O inferno astral das operadoras de celular parece não ter fim. Depois da suspensão pela Agência Nacional de Telecomunicações (Anatel) da habilitação de novos celulares para TIM, Oi e Claro, que durou 11 dias, agora as empresas entraram no radar da Câmara dos Deputados. Nessa quarta-feira (8), foi protocolado requerimento de criação de uma Comissão Parlamentar de Inquérito (CPI) para apurar os preços cobrados entre as empresas de telefonia móvel para a chamada interco-nexão, que acontece quando a ligação é feita de uma operadora para outra.
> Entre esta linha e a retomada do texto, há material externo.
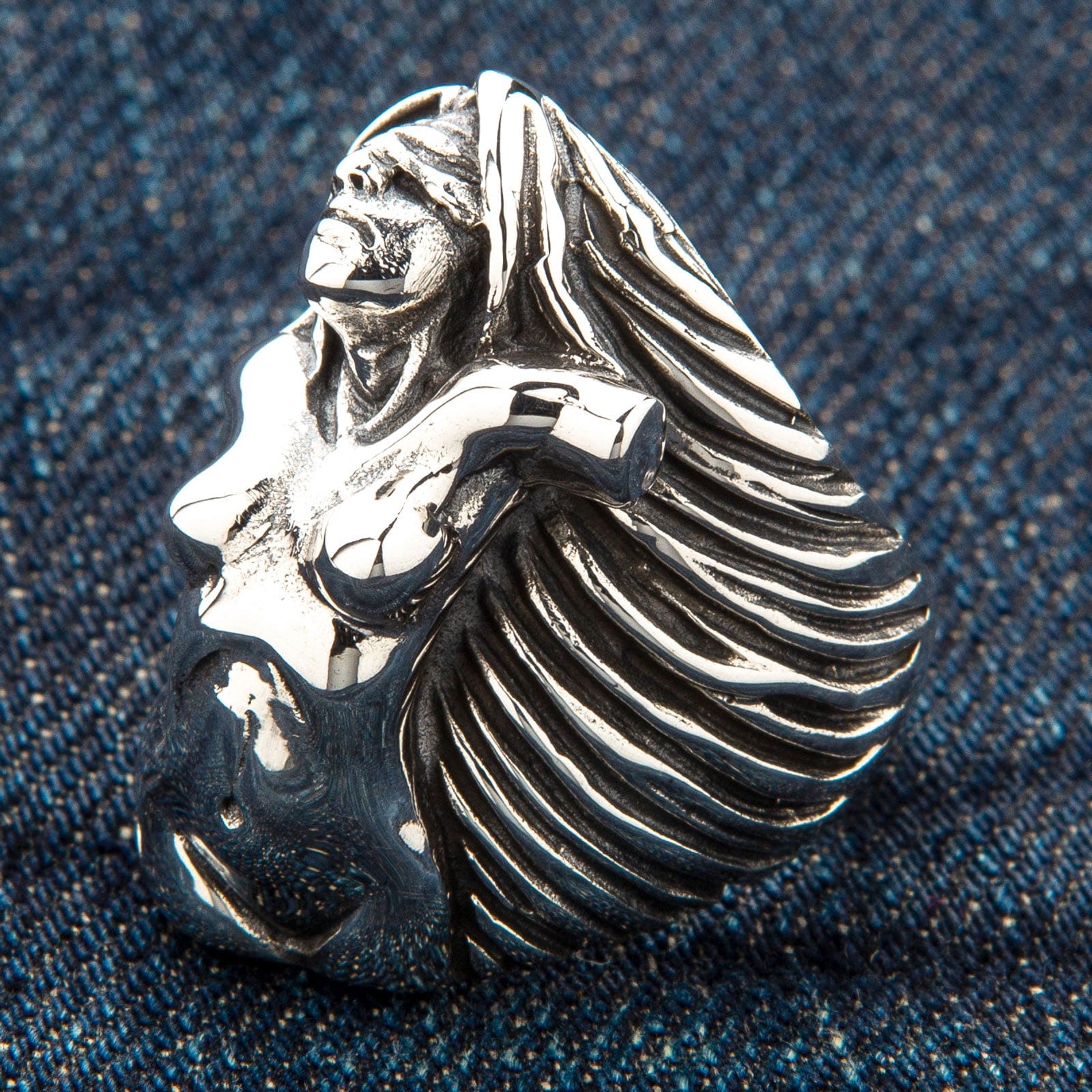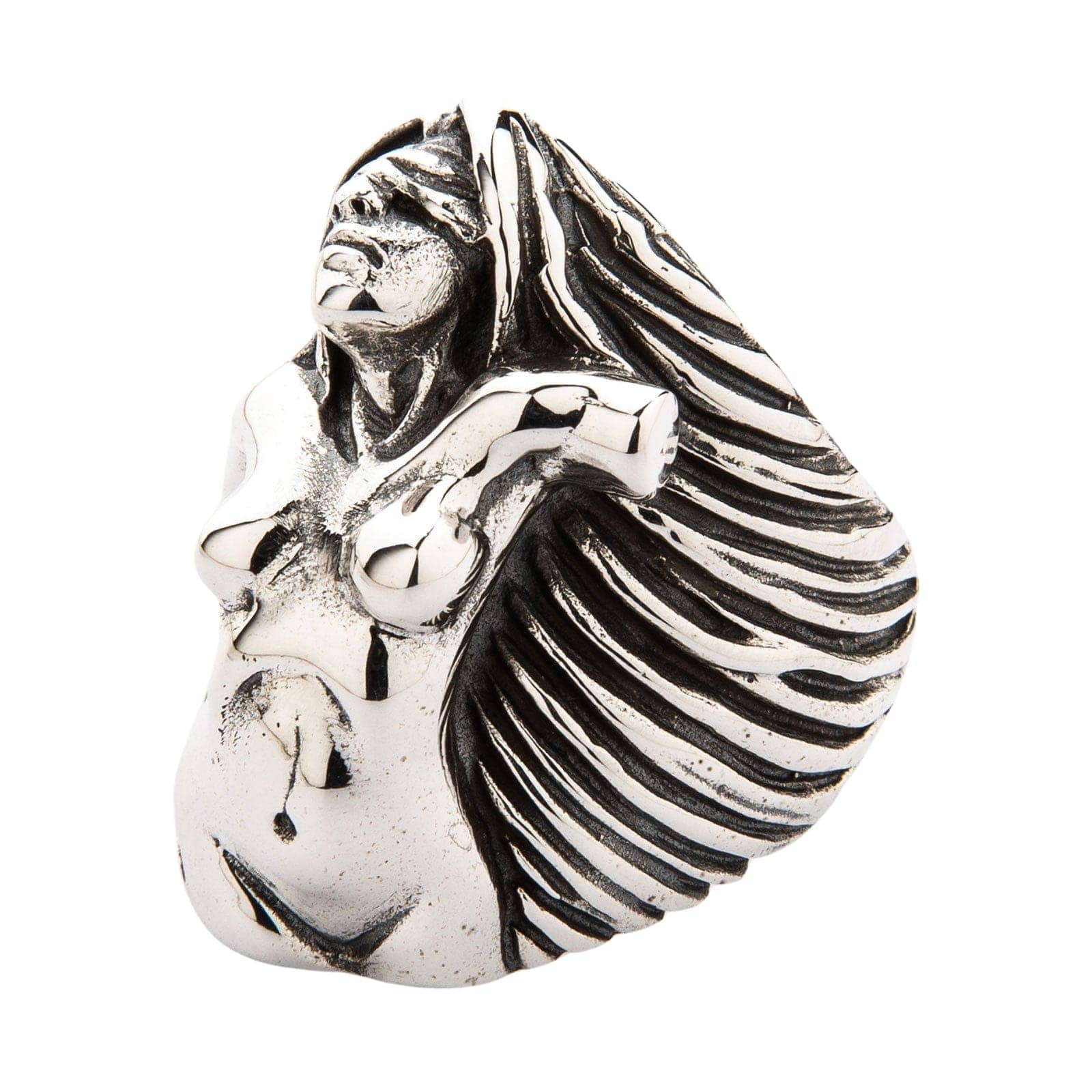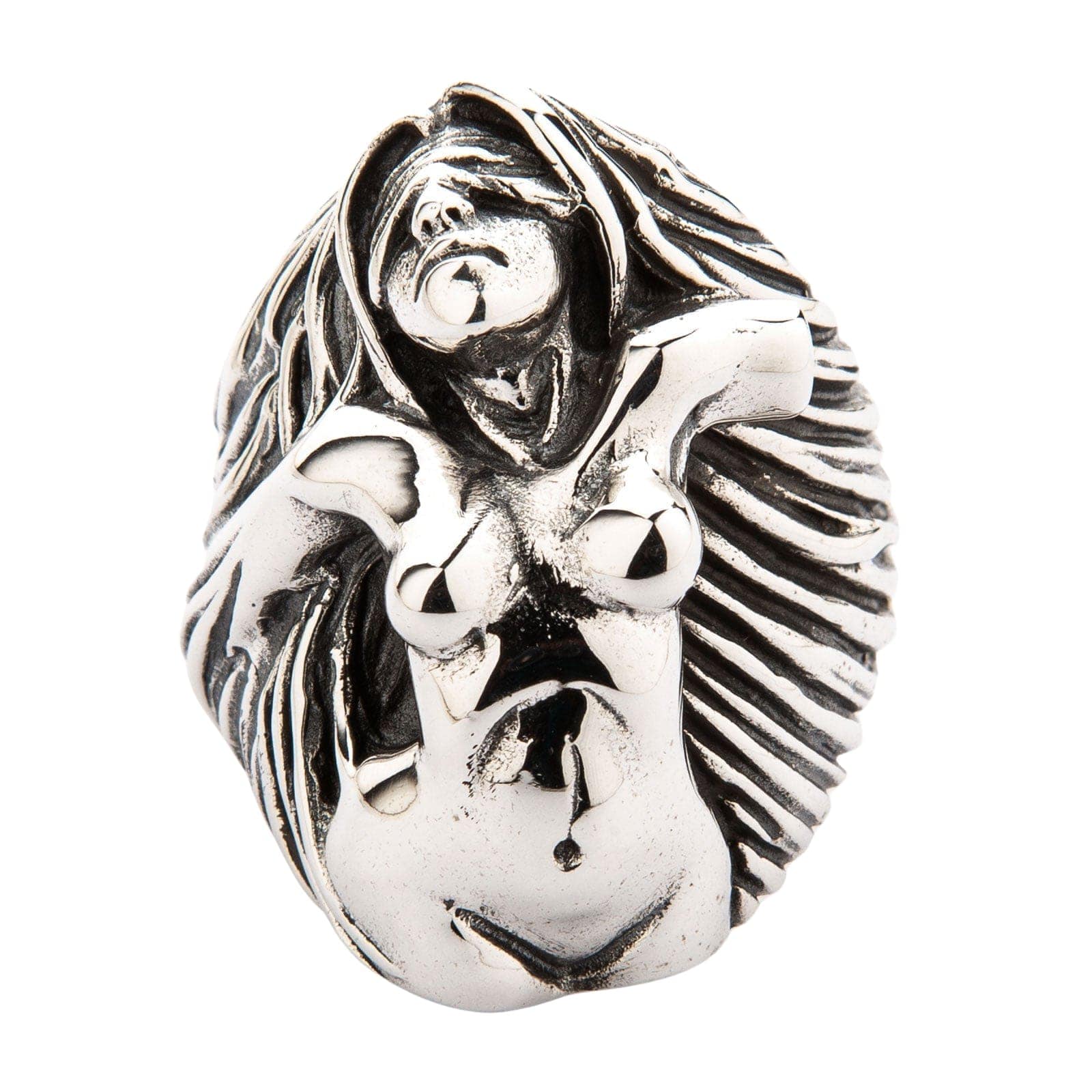 En markant og kompromisløs hyldest til kvindelig skønhed og kunstnerisk udtryk – denne fortryllende nøgen dame-ring er en ægte bærbar skulptur. Smedet af et massivt stykke sterlingsølv fanger denne ring en mystisk og kraftfuld kvindefigur i udsøgt, højt-relief. Det er mere end blot en ring; det er en hyldest til klassisk kunst og menneskekroppens tidløse skønhed.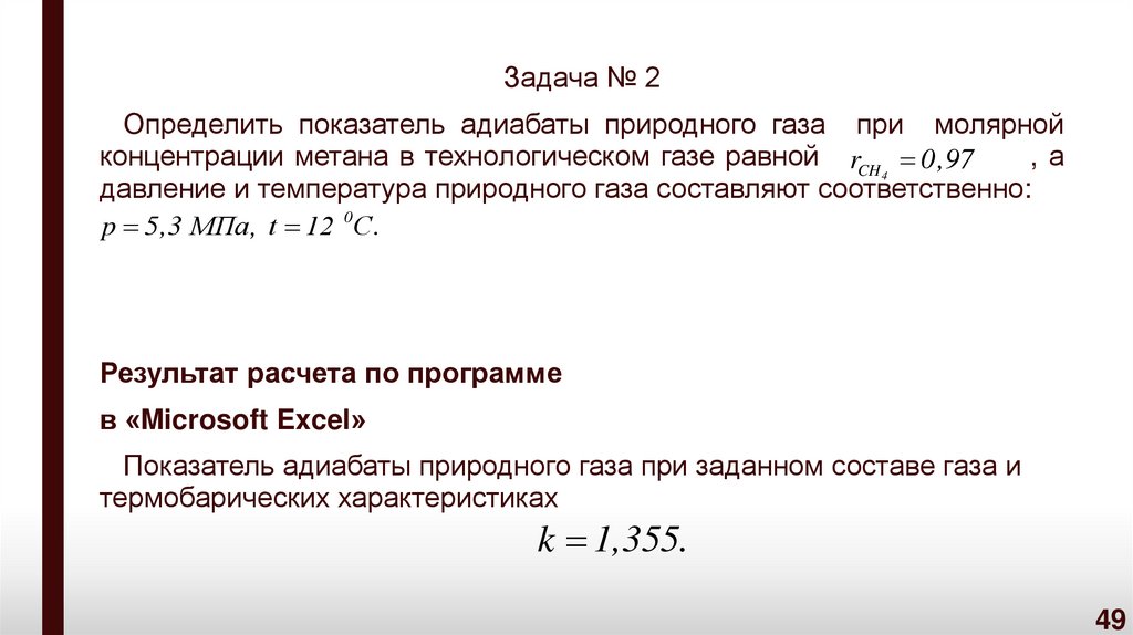 Задача № 2Определить показатель адиабаты природного газа при молярной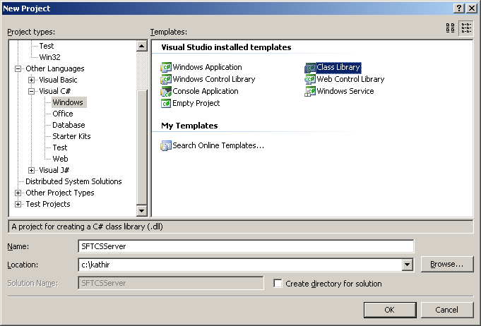 Open your visual studio 2005 or 2008 or 2010 IDE and create a C# project - Class Library. so that the output would be a DLL. I have named the C# class library project as SFTCSServer.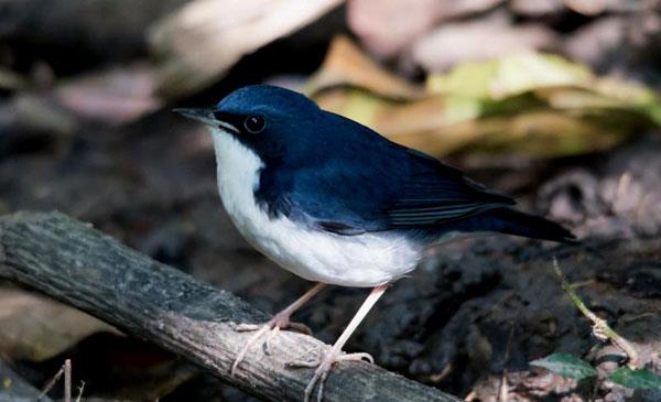 頭體長11-15cm,重約15g。嘴深黑,腳和趾肉黃色。主食昆蟲。雄鳥上體青石藍(lán)色,寬寬的黑色過眼紋延至頸側(cè)和胸側(cè),下體白。雌鳥上體橄欖褐,喉及胸褐色并具皮黃色鱗狀斑紋,腰及尾上覆羽沾藍(lán)。亞成鳥及部分雌鳥的尾及腰具些許藍(lán)色。虹膜褐色、嘴黑色、腳粉白色。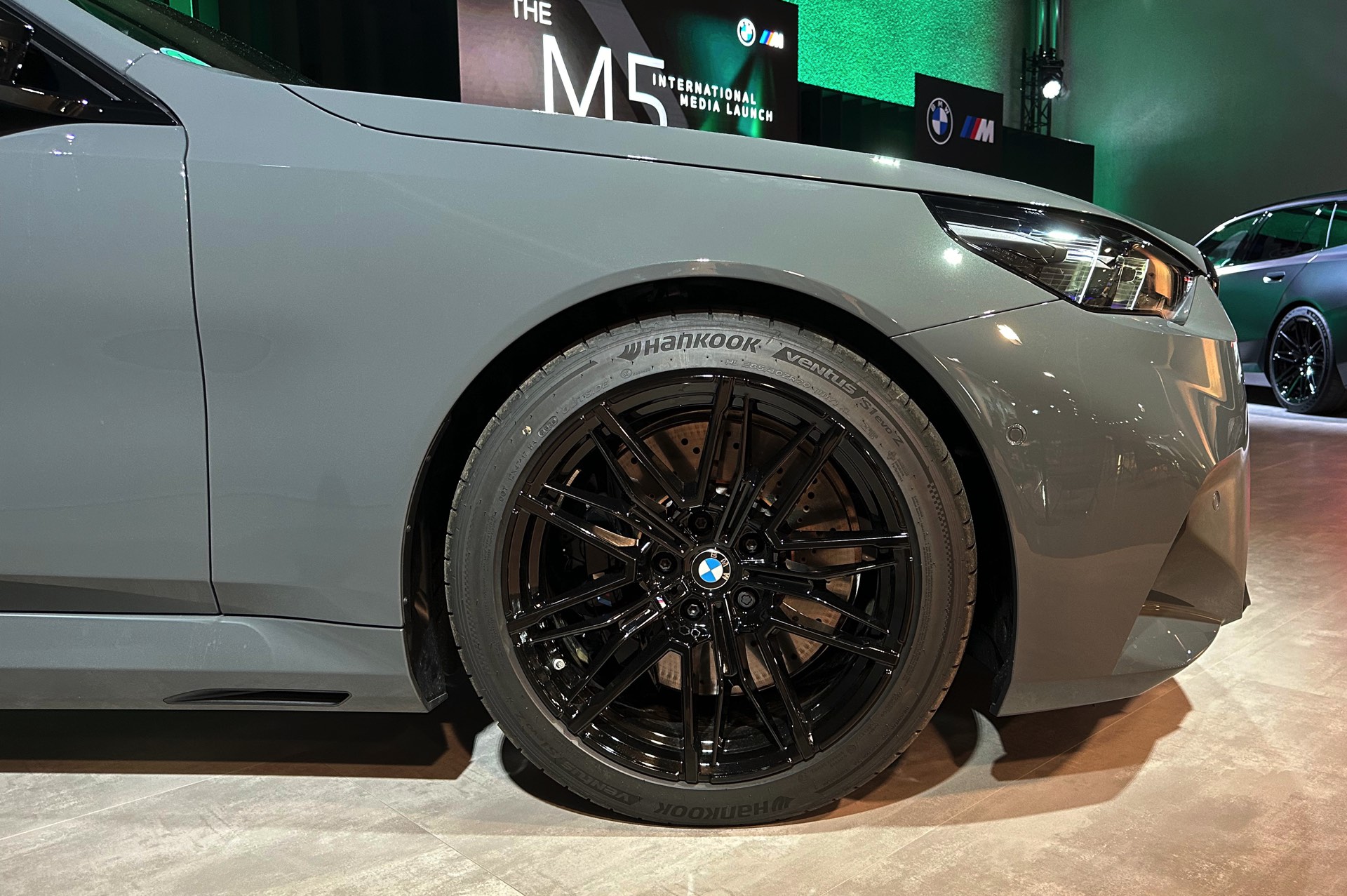 Auf unseren Fotos aus Garching sehen wir den neuen BMW M5 (G90) in einer vergleichsweise zurückhaltenden Konfiguration: Die graue Individual-Lackierung in Grigio Telesto wird praktisch ausschließlich mit schwarzen Akzente kombiniert. In den verbreiterten Radhäusern sehen wir die schwarze Ausführung der vorne 20 und hinten 21 Zoll großen Leichtmetallräder im Design Doppelspeiche 951 M, auf denen der Hankook Ventus S1 Evo Z montiert ist. Von den drei Reifen-Optionen bietet diese den geringsten Rollwiderstand und daher auch die höchste Effizienz, in Sachen Grip kann sie aber nicht ganz mit den Alternativen von Pirelli und Michelin mithalten.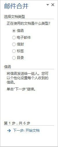 ③从弹出的下拉列表中选择“邮件合并分步向导”命令,打开“邮件合并”任务窗格,同时进入“邮件合并分步向导”的第1步。(图1)邮件合并向导共包含6步。
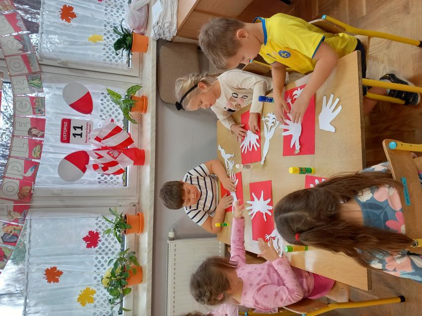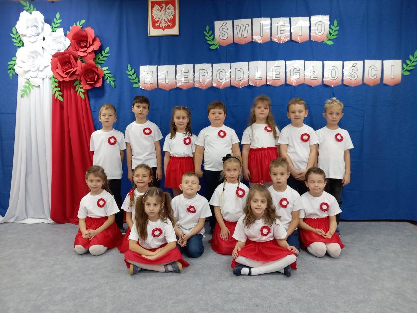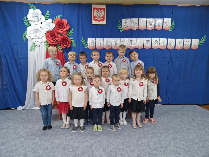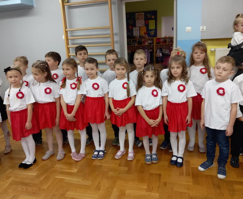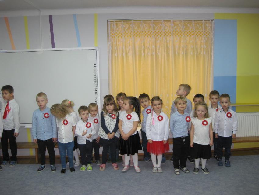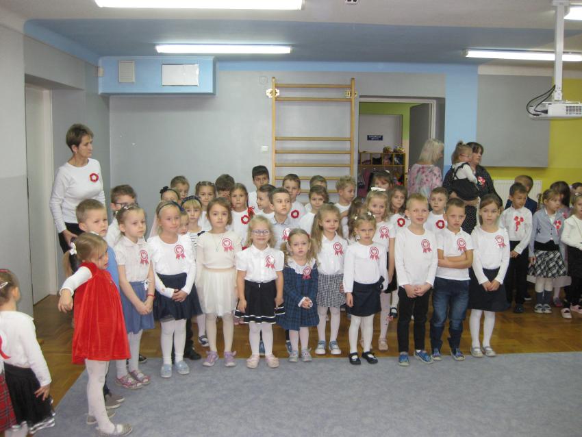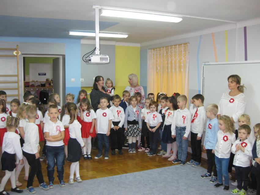 Dnia 8 listopada obchodziliśmy w naszym przedszkolu Święto Niepodległości.Przedszkolaki utrwaliły wiadomości na temat polskich symboli narodowych.Na uroczystej akademii ,przyjmując właściwą postawę -na baczność, odśpiewały hymn Polski -Mazurek Dąbrowskiego.Dzieci z grup starszych śpiewały piosenki patriotyczne.Dzięki udziałowi w tego typu uroczystościach  przedszkolaki od najmłodszych lat uczą się patriotyzmu i przywiązania do kraju ojczystego, jego kultury i tradycji oraz kształtują pozytywne postawy i uczucia patriotyczne.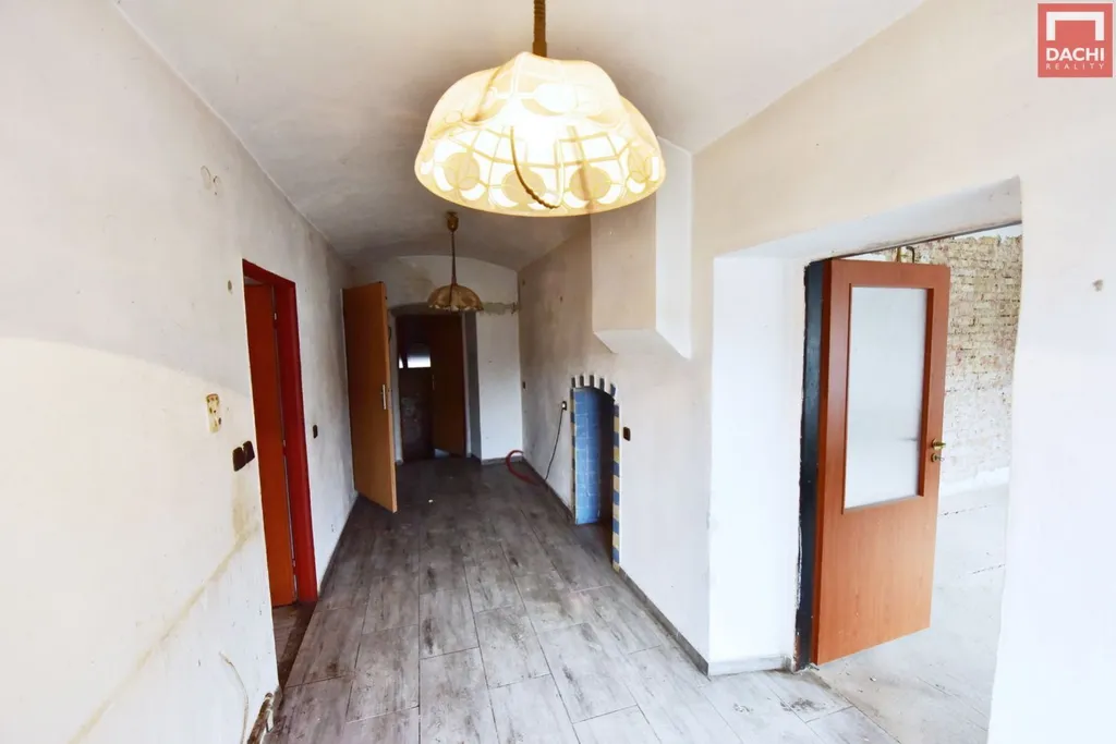 Nabízíme k prodeji rodinný dům, nacházející se v části obce Domašov u Šternberka, v okrese Olomouc. Tento cihlový dům s atypickým uspořádáním je jednopodlažní o dispozici 3+1, s jedním patrem. Objekt je v započaté rekonstrukci, což představuje skvělou příležitost pro dokončení dle Vašich vlastních představ, s možnosti využití i prostoru půdy. Dům má obdélníkový půdorys o rozměrech přibližně 13 m na délku a 7 m na šířku. Jedná se o přízemní dům s jedním patrem a otevřenou půdou.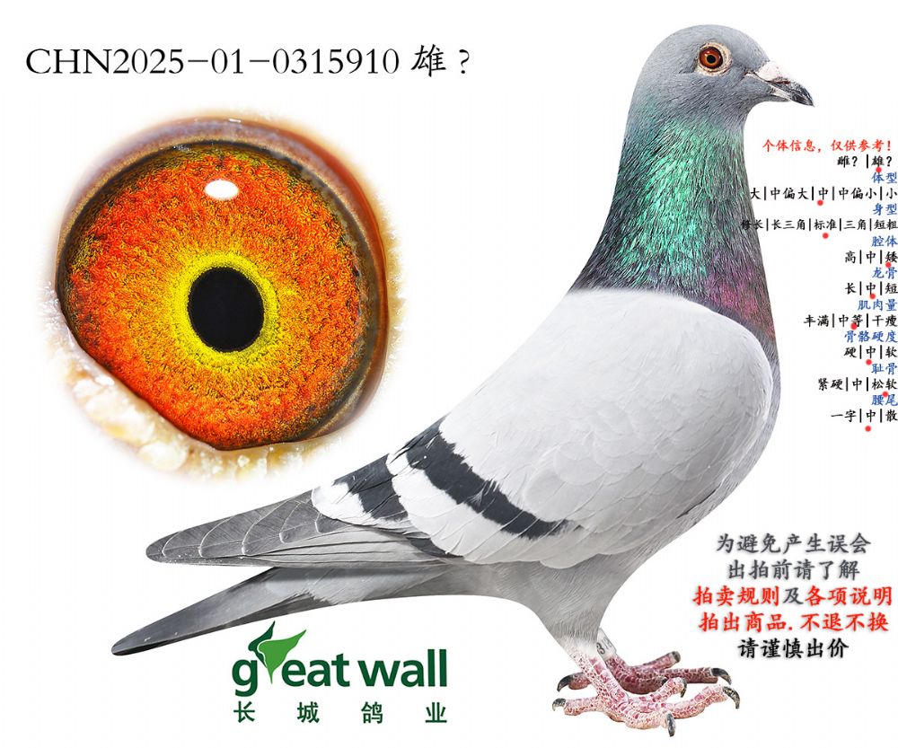 因拍卖鸽均是未做育过的种鸽或幼鸽,图内所标雌雄仅供参考,实际性别已实物为准。不做退换理由。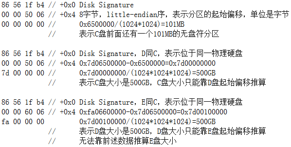 "Disk Signature"位于MBR的偏移0x1b8处,用WinHex可以查看,也可以用diskpart查看。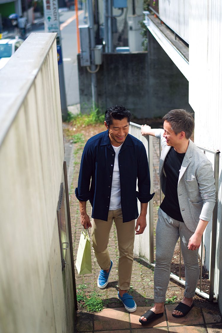 シャツ2万8000円/バグッタ(エストネーション 03-5159-7800)晴れた週末、ユースケは鎌倉にあるホウセイの自宅に招待された。海を望む高台に立つ家は幸せそうな雰囲気に包まれていた。彼の家族と食卓を囲む。しばらく忘れていた家庭の温もりが心に沁みる。ヘビロテ中の白Tと洗いざらしたネイビーのシャツ、足元はベルクロ付きのヴァンズのスリッポン。鮮やかなブルーは初夏の鎌倉の空を思わせる。

Além disso, a Anatel voltou a ameaçar as operadoras com novas suspensões. Nessa quarta-feira, em audiência pública conjunta das comissões de Ciência e Tecnologia e de Defesa do Consumidor do Senado, o presidente da agência, João Rezende, disse que a Anatel vai realizar trimestralmente fiscalizações nas empresas para verificar a qualidade dos serviços. Os fiscais vão monitorar o desempenho das empresas em todos os estados, município por município, disse Rezende. E que nas cidades maiores o acompanhamento será feito antena por antena. Em novembro, a Anatel deverá apresentar ao Senado o primeiro balanço desta fiscalização.
“Não está descartada nova suspensão de vendas de chips e multas às empresas que não cumprirem as metas de qualidade”, afirmou Rezende.
Tim pressionada
A TIM é, atualmente, a empresa sob a maior pressão em função das suspeitas de que a empresa estaria deliberadamente provocando queda nas ligações dos aparelhos inscritos no programa Infinity, que oferece tarifa única da ligação, independentemente do tempo de uso. Um relatório elaborado por fiscais da agência em março, mas que veio a conhecimento público apenas nesta semana, apontou que a queda das ligações dos celulares da TIM no programa Infinity é quatro vezes maior do que o de outras empresas.
Nessa quarta, o ministro das Comunicações, Paulo Bernardo, que também participou da audiência pública no Senado, disse que pediu que a Anatel agilizasse o processo de apuração, para que deixasse o “caso esclarecido o quanto antes”.
“Tem que ter a apuração rigorosa, mas não podemos nos precipitar”, disse o ministro. A Anatel deverá concluir até novembro a análise do relatório sobre a queda das ligações da TIM.
Nessa quarta-feira (8), o vice-presidente da TIM, Mario Girassoli, negou que a empresa tenha derrubado as ligações de forma propositada. Ele disse que este tipo de prática é fraude e crime. Ele também defendeu que a apuração seja feita o mais rápido possível. “Uma coisa é qualidade de serviços o negócio, outra é a ética do negócio”, disse Girassoli.